Fraud Security: Streamlining OperationsKITTEN: Then David, I would like to go back to you for a moment. How can fraud security and compliance departments develop as well as deploy processes and strategies that streamline not only operations and work, but also help to prevent fraud oversight and risk assessment redundancies?
NUSSENBAUM: I think there is some balance that has to be taken into consideration. Obviously, fraud security compliance, these departments, and these individuals who work in those departments, they do have somewhat different goals and objectives. They're not all doing exactly the same thing and there are some different skills. But as I think we've tried to mention before, in spite of the need for some separation of duties, there is so much that they have to gain by working more closely together, learning about what each other is doing and really examining how technology can overlap into different areas of responsibility. As Ron mentioned, some core transaction monitoring, case management platforms - we're seeing tremendous benefits of sharing platforms, information or analytics across these different areas. I would summarize by saying that data, technology and then individual expertise really have to be better shared.
KITTEN: Before we close, what final thoughts would either of you like to leave our audience with? For instance, what are the top five considerations for fraud managers and others when it comes to debit and online fraud prevention?
GIAMMARCO: A few things here, and maybe first and foremost to take away is that fraud management has now entered the regulatory spotlight. Managing your customer risk authentication, the rules in Durbin clearly demonstrate that the regulators are focusing on fraud more and more, so the game has changed and you need to approach it in a way that will meet regulatory requirements. Maybe the second thing to keep in mind is that the fraudster, or whoever is attacking either the financial institution or the customer base, never erects silos. They don't think about different lines of businesses or what is money laundering and what is fraud. They are simply attempting to perpetrate an illegal act that is impacting the financial institution and the customer base. And you need to think about that the same way. In addition to the fraudster's perspective, financial institutions need to knock down those organizational silos where it makes sense. Ultimately sharing information, whether you utilize the same people, the same process, or the same technology, those are all the "hows." What organizations need to do is really share information in order to manage the "what." The risk assessment is key.

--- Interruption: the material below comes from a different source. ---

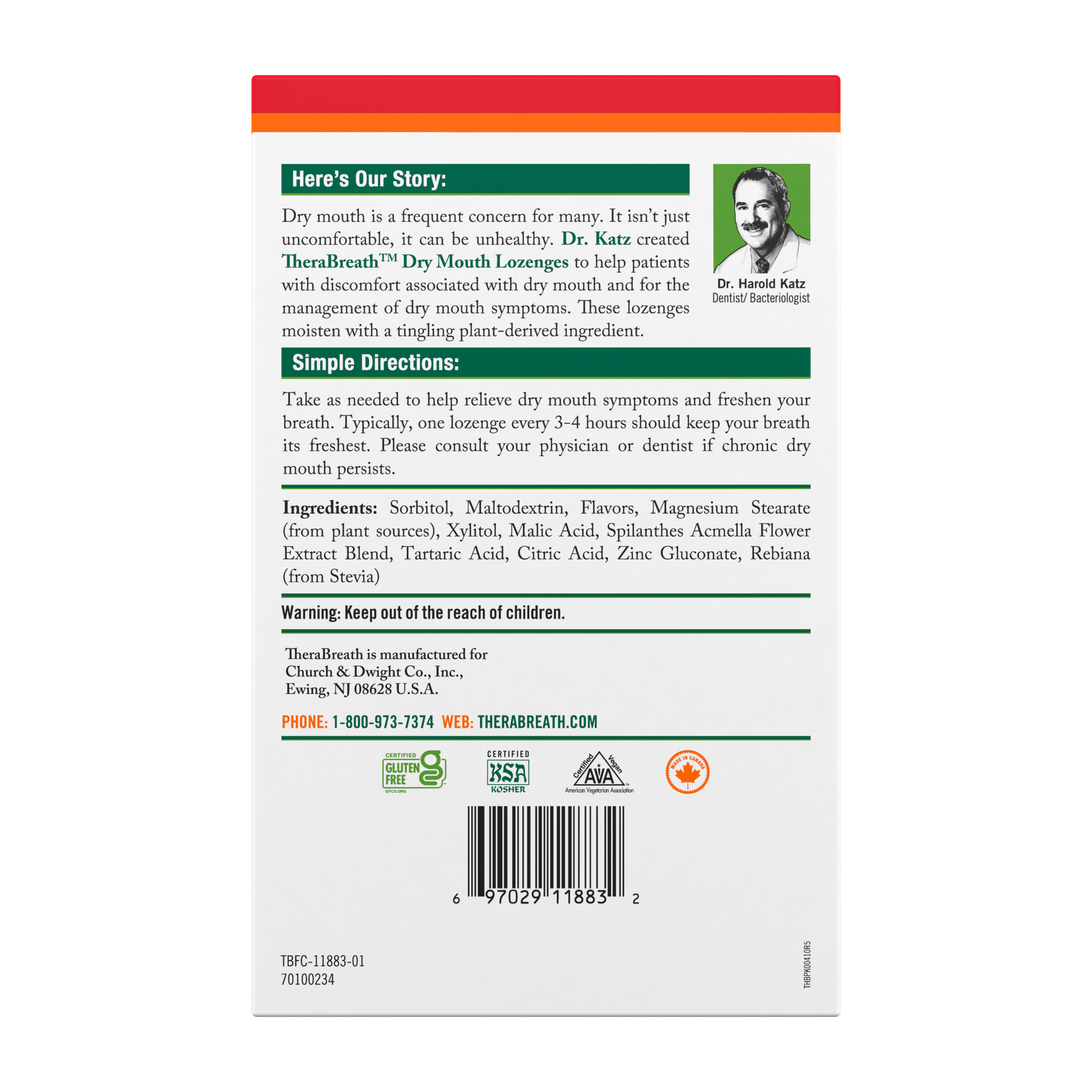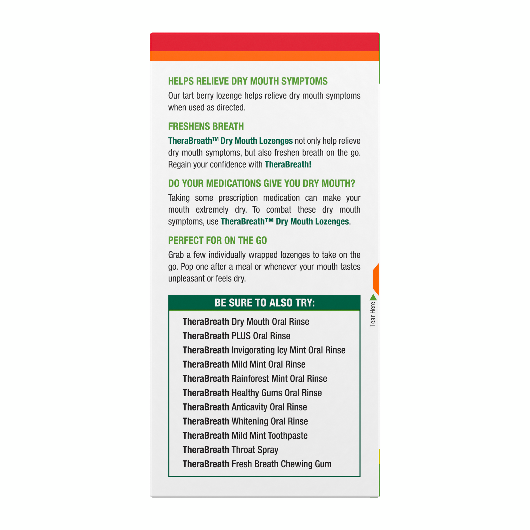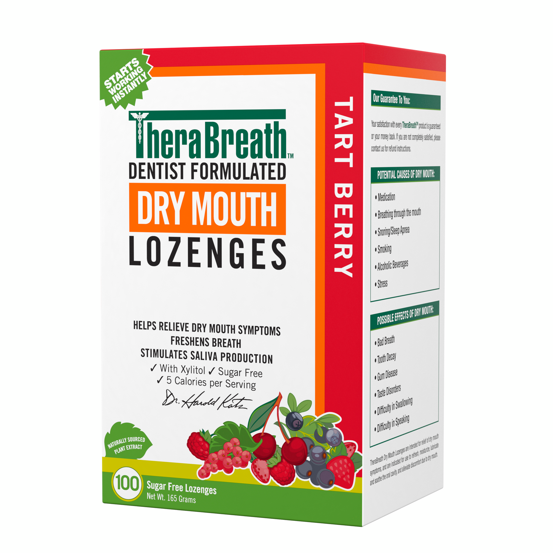 Dry mouth is much more than an uncomfortable feeling. Saliva is the body’s natural defense against the bacteria that cause bad breath. Fortunately. when your mouth is feeling dry when you’re on-the-go. there’s an on-the-go solution. TheraBreath Dry Mouth Lozenges.TheraBreath Dry Mouth Lozenges relieve dry mouth symptoms and freshen breath. The pleasant citrus mint formula eliminates unpleasant tastes or odors in your mouth. The tingling Tart Berry flavor enhances saliva flow to help relieve dry mouth symptoms.TheraBreath Dry Mouth Lozenges are individually wrapped for your convenience. Throw a few in your pockets or purse to have fresh breath confidence throughout the entire day. Available in a small. 24 count box you can bring with you as you travel.We’re so confident in TheraBreath Dry Mouth Lozenges that we back it up with our 100% guarantee. If you haven’t seen improvement in your dry mouth symptoms. contact us within 30 days of purchase for a full refund.

We talked a little bit about performing an appropriate risk assessment, but don't rest on that risk assessment. Risks change significantly day-to-day and over time so you need to really have a thorough understanding of your products, customers and how your business is evolving. And then finally, keep in mind that fraud management really achieves three objectives. The first is to reduce fraud losses. The second is to avoid regulatory issues and fines. And the third is really around the customer experience, maintaining customer trust and customer confidence.